Mexico is gearing up to resume oil shipments to Cuba through privately owned companies rather than state entities, President Claudia Sheinbaum announced on June 22, floating a manoeuvre that would sidestep Washington's blockade while leveraging Havana's newly enacted economic liberalisation measures. The initiative, though, faces a materially harder sanctions environment than when Mexico first suspended its deliveries in January.
The backdrop is a near-total collapse in Cuban energy supply. Cuba produces only around 40% of the petroleum it requires domestically and has historically depended on imports from Venezuela, Russia and Mexico. That structure disintegrated on January 3 when a US military operation resulted in the capture of Venezuelan president Nicolás Maduro, halting Caracas' subsidised deliveries. Mexico stepped into the breach but suspended its own Pemex-operated shipments after the Trump administration issued an executive order on January 29 declaring a national emergency over Cuba and threatening tariff penalties on any country supplying hydrocarbons to the island. Only one oil shipment has reached Cuba since: a Russian tanker docking on March 30 carrying 730,000 barrels of crude. A second Russian vessel turned around off the coast of Brazil on May 27 without arriving. Cuba's Ministry of Energy and Mines warned on May 14 that the country had run out of oil and diesel entirely.
The humanitarian toll is severe and worsening. The record power deficit was registered on May 13 and 14, reaching between 2,153 and 2,174 MW and leaving 70% of the country without power. Grocery store shelves are empty, hospitals can barely function, and the lack of diesel has stalled the agricultural sector, marine vessels and trucks. Cuba's economy is forecast to contract by between 6% and 15% this year, according to estimates cited by multiple analysts.
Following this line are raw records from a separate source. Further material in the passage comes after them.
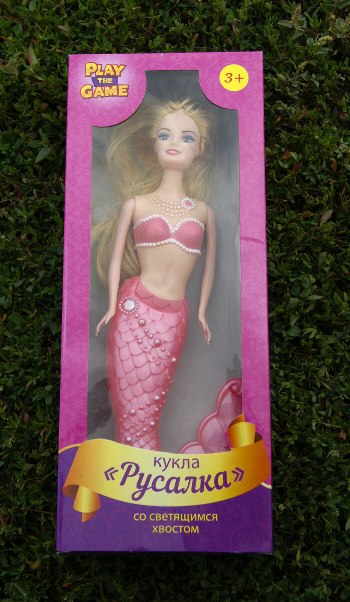 В Фикс Прайс довольно много игрушек, в том числе и кукол. Недавно дочка захотела себе вот такую куклу - русалку со светящимся хвостом. Цена 99 рублей. Куклы представлены в нескольких вариантах, у них разный цвет волос и хвоста. Дочка выбрала блондинку с розовым хвостом. Хвост у куклы светится, диоды работают от батареек, они есть в комплекте. Сзади находится включатель, он довольно тугой, но ребенок справляется. Размер игрушки - 35 см. Плавник снимается. Вот так выглядит собранная кукла. Прорисована она не плохо, руки на шарнирах. Тело у нее прорезиненное, а вот хвост пластиковый. Волосы длинные, но их, как обычно маловато и они быстро теряют всякий вид. Дочка думала, что куклу можно мочить (русалка как - никак), но этого делать нельзя, если хотите что бы хворост продолжал светиться. Светится хвост тремя цветами, светит довольно ярко, цвета мигают. За свою цену игрушка игрушка неплохая. Подойдет для детей 6+, детям младшего возраста я бы такую игрушку не купила по двум причинам. Пер
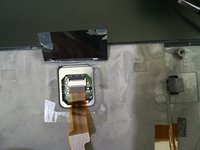 Remove connector to touchpad by easing the black tab on the white connector upwards, and using tweezers pull the connector downwards away from the connection.
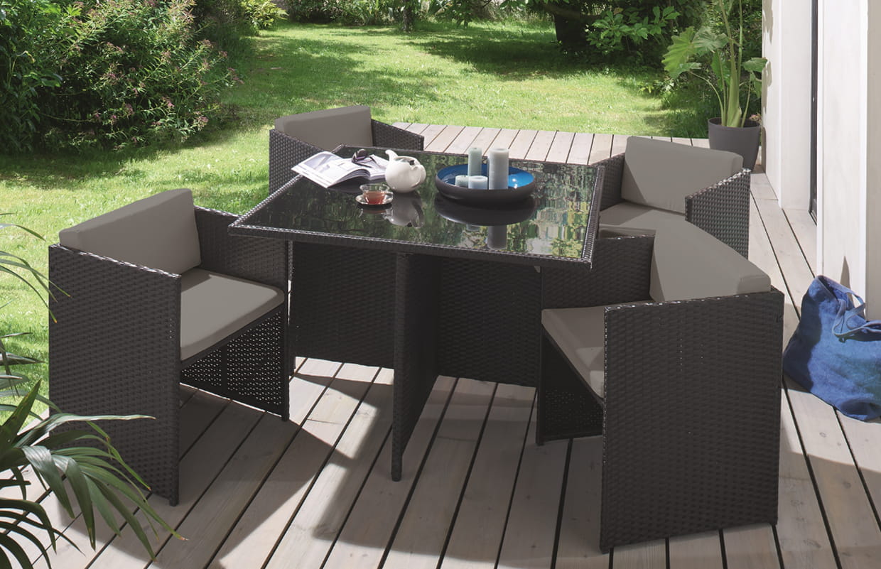 Mobilier de jardin Andreas de Conforama avec une table (dimensions 115 x 115 x 74 cm) et 4 fauteuils en plastique et verre trempé. Prix : 369,99 euros l'ensemble table et 4 fauteuils. Où l'acheter ? www.conforama.fr
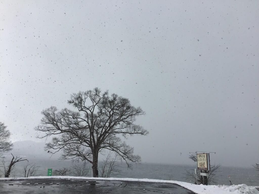 ふわふわと雪が舞っています。
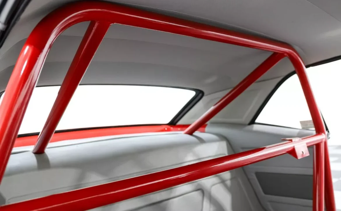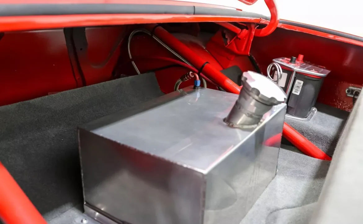 Inside, the custom Gray interior offers both style and function. Featuring bucket seats with a center console, a leather-wrapped billet steering wheel, and Autometer gauges, the cabin is designed for the enthusiast driver. Billet aluminum pedal covers, custom door panels, and billet inside door handles elevate the interior’s luxury. The rear seat delete and in-trunk fuel cell underscore its racing pedigree, while the roll bar and horseshoe shifter enhance both performance and safety.

Sheinbaum's proposed workaround pivots on the 176 economic reforms approved unanimously by Cuba's National Assembly on June 18 under Prime Minister Manuel Marrero. Among them, documented under the "Energy Transformations" section, is a provision allowing private domestic companies, cooperatives, joint ventures and foreign investors to participate in fuel importation and distribution — a sector historically monopolised by the state entity Unión Cuba-Petróleo (CUPET).
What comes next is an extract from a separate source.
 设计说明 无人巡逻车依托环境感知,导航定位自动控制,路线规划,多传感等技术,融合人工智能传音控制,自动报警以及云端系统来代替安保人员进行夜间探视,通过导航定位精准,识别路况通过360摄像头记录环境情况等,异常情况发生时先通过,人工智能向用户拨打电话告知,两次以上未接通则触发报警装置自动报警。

Sheinbaum argued this reform creates legal space for Mexican private operators to engage commercially with the island without routing supply through state channels. "The mechanism would be through private companies that have permits to transport fuel to Cuba," she said at her daily press conference, without naming firms or specifying a timeline. Her foreign ministry has indicated it can facilitate introductions for interested businesses.
The sanctions deterrent, however, has grown considerably more severe since January. The Trump administration's original tariff threat was subsequently invalidated: on February 20, the US Supreme Court ruled that IEEPA does not give the president authority to impose tariffs. Washington's response was to escalate through a different instrument. On May 1, President Trump signed Executive Order 14404 establishing a new Cuba sanctions authority under IEEPA, authorising OFAC to impose blocking sanctions on foreign persons determined to operate in Cuba's energy sector — covering oil and gas supply, electricity generation, distribution and fuel trading — as well as defence, metals and mining, and financial services.
Critically, the order extends secondary sanctions risk to foreign financial institutions that process transactions on behalf of designated Cuban entities. Any Mexican private company with US dollar banking exposure or American investors faces the prospect of SDN designation and loss of access to the US financial system.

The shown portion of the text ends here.